- _TASK BRIEF_
Leaving every image behind, reproduce the records word for word.

- _Stored data_
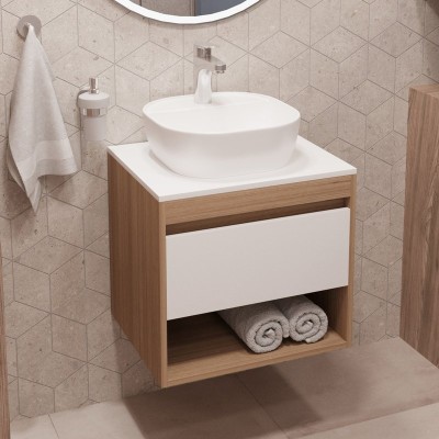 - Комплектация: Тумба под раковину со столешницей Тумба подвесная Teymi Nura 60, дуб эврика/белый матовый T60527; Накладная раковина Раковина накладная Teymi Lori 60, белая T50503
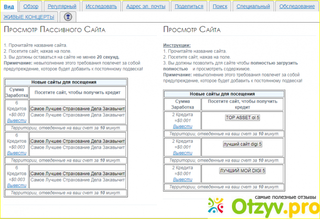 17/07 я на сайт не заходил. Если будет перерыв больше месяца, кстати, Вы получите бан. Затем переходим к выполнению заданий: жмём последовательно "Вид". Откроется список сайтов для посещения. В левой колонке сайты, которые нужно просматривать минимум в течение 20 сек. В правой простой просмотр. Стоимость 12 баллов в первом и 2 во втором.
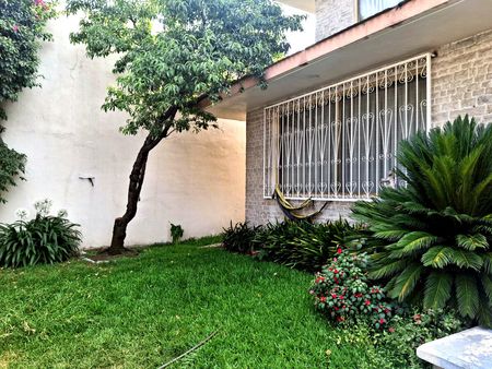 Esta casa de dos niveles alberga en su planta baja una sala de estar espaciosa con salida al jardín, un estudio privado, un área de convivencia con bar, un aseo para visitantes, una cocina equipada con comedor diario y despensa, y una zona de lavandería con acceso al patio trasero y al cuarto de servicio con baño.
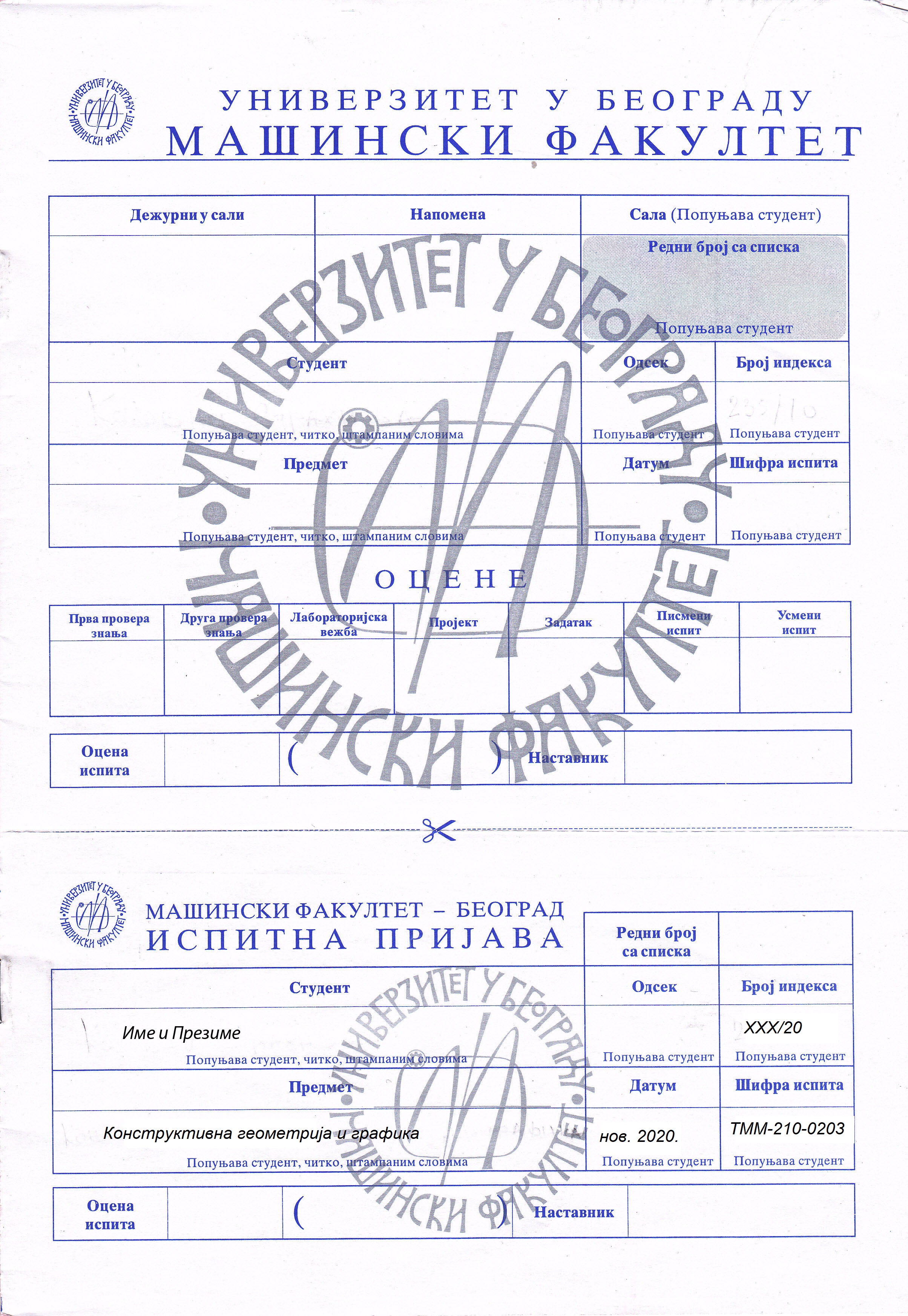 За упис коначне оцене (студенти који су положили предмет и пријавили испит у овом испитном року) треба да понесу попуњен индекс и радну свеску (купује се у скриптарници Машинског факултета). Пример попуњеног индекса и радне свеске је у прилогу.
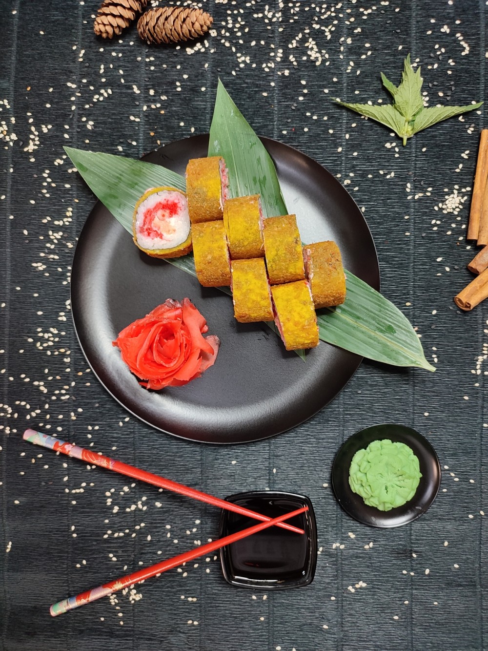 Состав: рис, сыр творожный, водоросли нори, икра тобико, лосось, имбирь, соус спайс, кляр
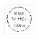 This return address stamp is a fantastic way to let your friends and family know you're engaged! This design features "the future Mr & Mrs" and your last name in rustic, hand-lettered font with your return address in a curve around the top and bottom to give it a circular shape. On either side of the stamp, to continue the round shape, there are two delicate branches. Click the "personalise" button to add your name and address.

- _ANSWER TO THIS PROBLEM_
 - Комплектация: Тумба под раковину со столешницей Тумба подвесная Teymi Nura 60, дуб эврика/белый матовый T60527; Накладная раковина Раковина накладная Teymi Lori 60, белая T50503
 17/07 я на сайт не заходил. Если будет перерыв больше месяца, кстати, Вы получите бан. Затем переходим к выполнению заданий: жмём последовательно "Вид". Откроется список сайтов для посещения. В левой колонке сайты, которые нужно просматривать минимум в течение 20 сек. В правой простой просмотр. Стоимость 12 баллов в первом и 2 во втором.
 Esta casa de dos niveles alberga en su planta baja una sala de estar espaciosa con salida al jardín, un estudio privado, un área de convivencia con bar, un aseo para visitantes, una cocina equipada con comedor diario y despensa, y una zona de lavandería con acceso al patio trasero y al cuarto de servicio con baño.
 За упис коначне оцене (студенти који су положили предмет и пријавили испит у овом испитном року) треба да понесу попуњен индекс и радну свеску (купује се у скриптарници Машинског факултета). Пример попуњеног индекса и радне свеске је у прилогу.
 Состав: рис, сыр творожный, водоросли нори, икра тобико, лосось, имбирь, соус спайс, кляр
 This return address stamp is a fantastic way to let your friends and family know you're engaged! This design features "the future Mr & Mrs" and your last name in rustic, hand-lettered font with your return address in a curve around the top and bottom to give it a circular shape. On either side of the stamp, to continue the round shape, there are two delicate branches. Click the "personalise" button to add your name and address.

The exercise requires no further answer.